Transmission vs. Distribution
While much of this is quite obvious, it is still important to state it here that transmission and distribution, for the most part, are quite different. Here are some high-level points of difference and why they matter.
- Transmission, for the most part, is networked whereas distribution if radial. This means that with transmission, there are multiple ways to get power to a specific location, unlike distribution where each location only gets power from one source.
- Much of the existing generation is still very centralized – large centralized generation that pump in energy directly into the transmission system.
This means that the lessons learnt from wholesale deregulation cannot be applied to distribution, right?

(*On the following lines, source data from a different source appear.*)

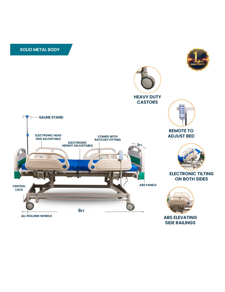 The Arrex Five Function Hospital Bed is a premium electric ICU hospital bed designed to provide maximum comfort, safety, and flexibility for patients requiring long-term medical care. Suitable for home care, nursing homes, and hospitals, this bed supports multiple positioning options to improve patient recovery and caregiver efficiency.
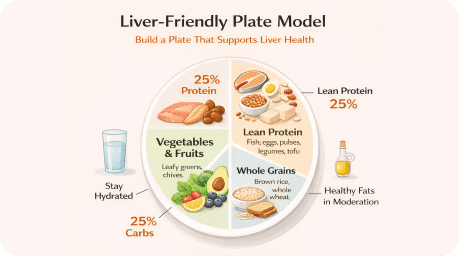 enhance its function. The Liver-Friendly Plate model emphasizes the importance of the right food choices and hydration.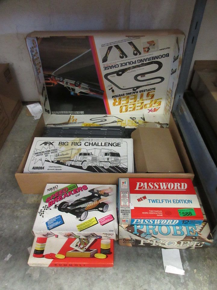 Aurora Speed Steer slotted race track with AFX Big Rig Challenge, Nikko Tech Speed Racers, Rummoli, Probe and Password.

Wrong!
So, what is changing?
With New York and California leading the way, it is very clear that the next area of change is to see more supply from the distribution side of the grid. This was necessitated by the retirement of several large centralized generators due to EPA and other rulings.
- The newer sources of power are also from renewable sources meaning that they are intermittent in nature and generally cannot be dispatched.
- Newer mechanisms such as microgrids are coming into play, which can almost be defined as smaller grids within the existing distribution grid. These grids have the ability to be somewhat self-sufficient in energy supply-demand under some circumstances.
- The advent of AMI and better sensing mechanisms in the field is allowing distribution utilities to control demand in ways that were considered not possible before.
So, what about the Independent Distribution System Operator?
Real changes are coming to the distribution system, as well. If the state of New York has its way — and all the signs are there that it will — we will have the beginning of a distribution system (and market) operator. New York is calling it the Distribution System Platform provider, or DSP, and has set up a stakeholder-driven process to put it in motion. For starters, it is expected that the existing utilities will run this operation. This is an acceptable situation for now because the number of independent participants are still small in number and small in terms of amount of energy pumped into the grid.
However, if and when:
- The number of independent participants — people who own generation that delivers power into the grid — goes up and/or
- The number of microgrids capable of some level of independent operation goes up and/or
- Retail providers start aggregating customers and/or providers to be able to deliver significant amounts of power into the distribution grid
- Or others - then
We should at least have a conversation about making this DSP (or a different name) independent. And this should not be just considered a New York state issue. It is fair to expect that every state will be moving in this direction at some point soon. Everyone is watching New York.